Instructions for the task:
The listing below should be written out word for word, with its pictures removed.

The data:

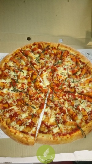 dsc_0021One slice neatly fits my big plate with just a little room to spare. At first bite, I detected a slight sourish taste which is only one of the many flavours contained in this delectable creation. The Fried Chicken is chunky, moist and tender. There is the fragrance of fresh basil. The ingredients are generous and you can see at first glance that this isn’t your average pizza. This is definitely THE pizza for fans of fried chicken.
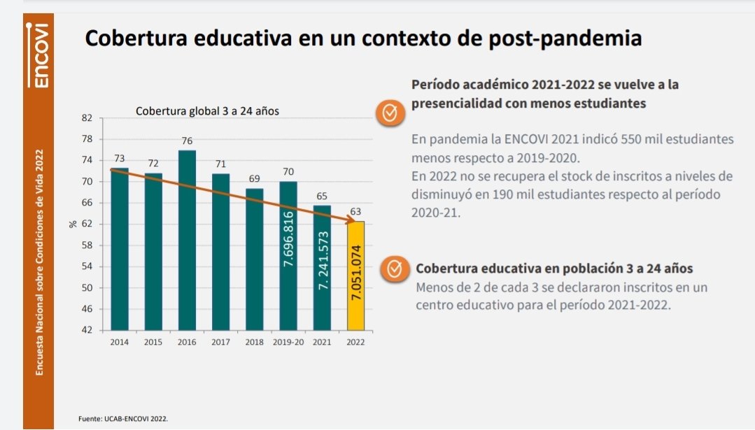 De todos los niños y jóvenes entre 3 y 24 años, solo el 63% está inscrito en algún plantel educativo, donde la mayoría recibe una educación precaria. Es relevante que sólo el 22% de jóvenes entre 18 y 24 años asiste a la Universidad. En el 2018 era 30%. Es decir bajó 😱.
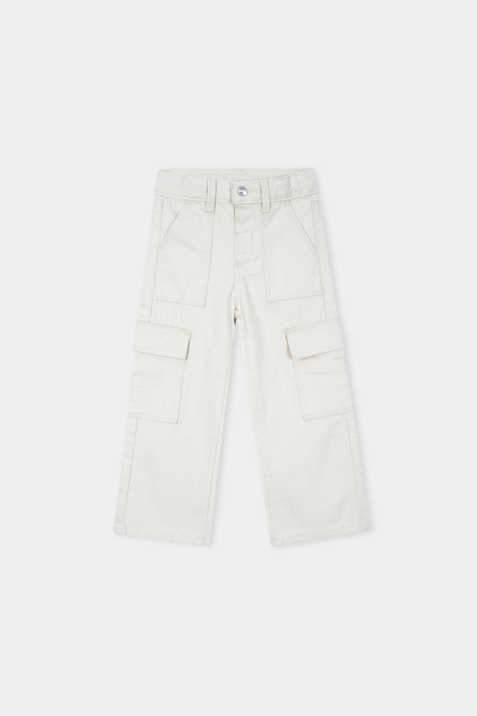These stylish off-white cargo pants for kids combine practicality with fashion. Made from durable, breathable fabric, they feature classic side cargo pockets with flaps for added utility, along with front pockets and belt loops for a secure fit. The straight-leg design offers comfort and versatility, perfect for everyday wear or casual outings. A must-have staple for your child's wardrobe
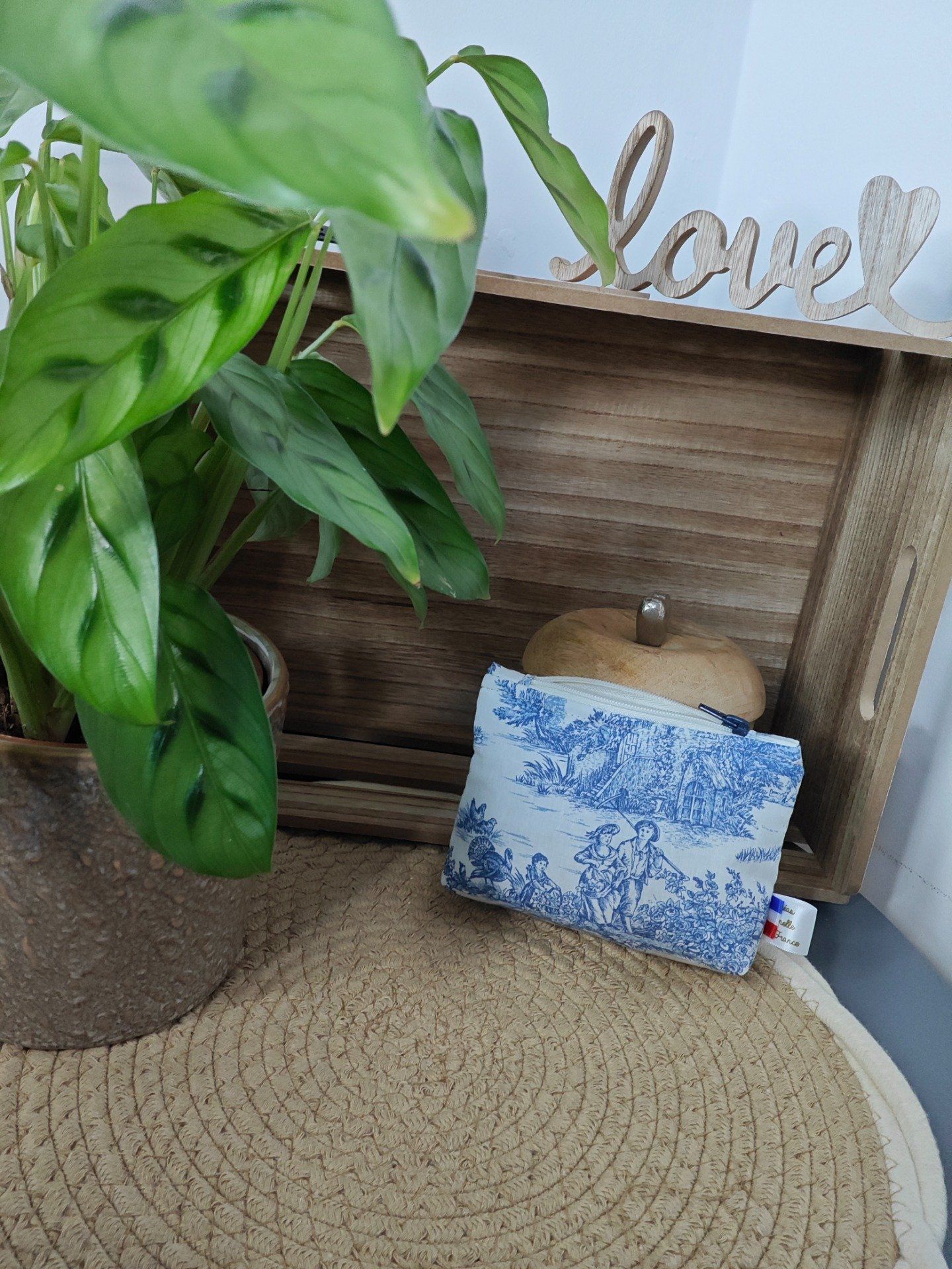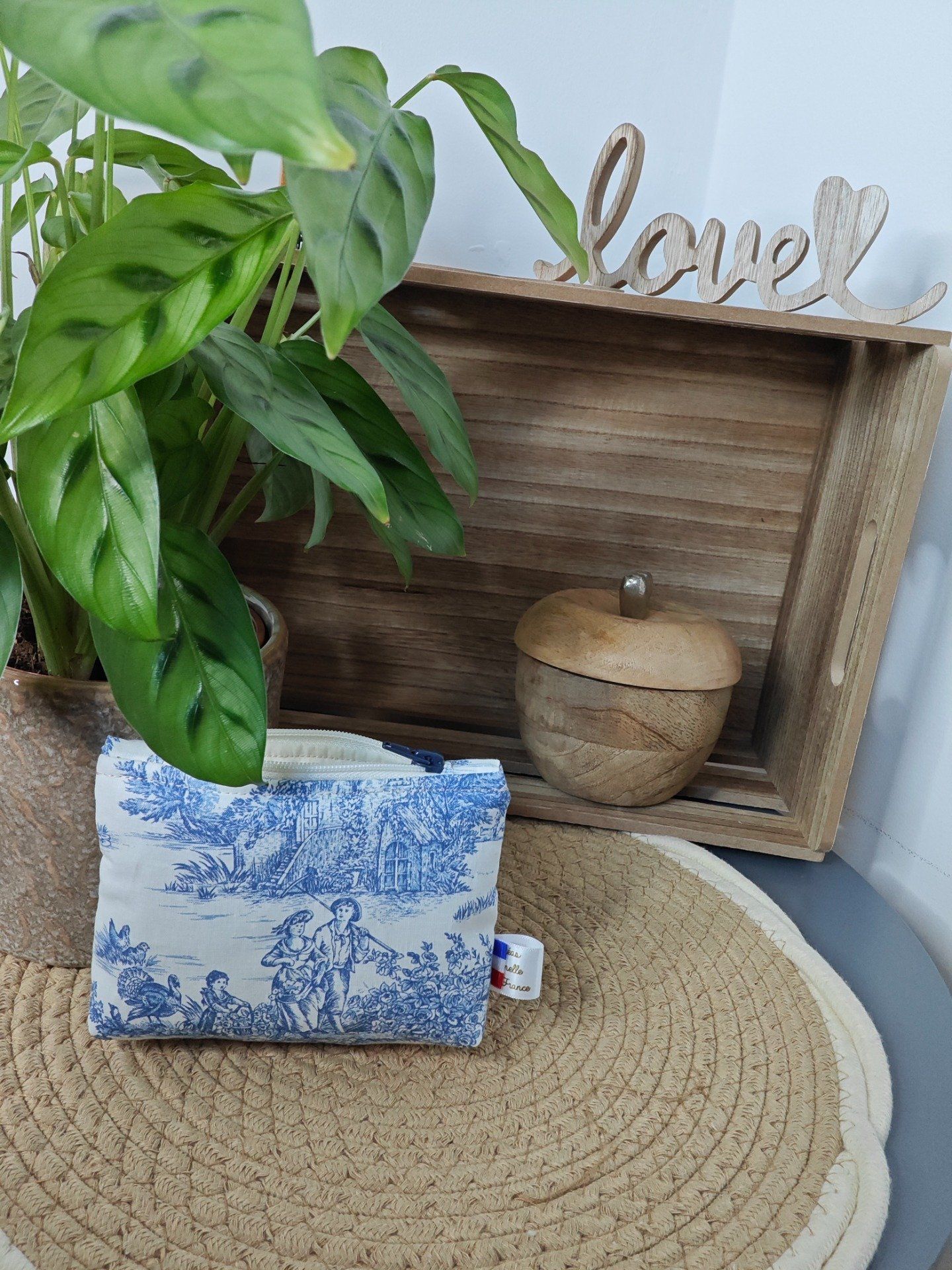 Composition : tissu extérieur toile de Jouy, intérieur tissu polyester beige, molletonné de ouate.

Exercise response:
 dsc_0021One slice neatly fits my big plate with just a little room to spare. At first bite, I detected a slight sourish taste which is only one of the many flavours contained in this delectable creation. The Fried Chicken is chunky, moist and tender. There is the fragrance of fresh basil. The ingredients are generous and you can see at first glance that this isn’t your average pizza. This is definitely THE pizza for fans of fried chicken.
 De todos los niños y jóvenes entre 3 y 24 años, solo el 63% está inscrito en algún plantel educativo, donde la mayoría recibe una educación precaria. Es relevante que sólo el 22% de jóvenes entre 18 y 24 años asiste a la Universidad. En el 2018 era 30%. Es decir bajó 😱.
These stylish off-white cargo pants for kids combine practicality with fashion. Made from durable, breathable fabric, they feature classic side cargo pockets with flaps for added utility, along with front pockets and belt loops for a secure fit. The straight-leg design offers comfort and versatility, perfect for everyday wear or casual outings. A must-have staple for your child's wardrobe
 Composition : tissu extérieur toile de Jouy, intérieur tissu polyester beige, molletonné de ouate.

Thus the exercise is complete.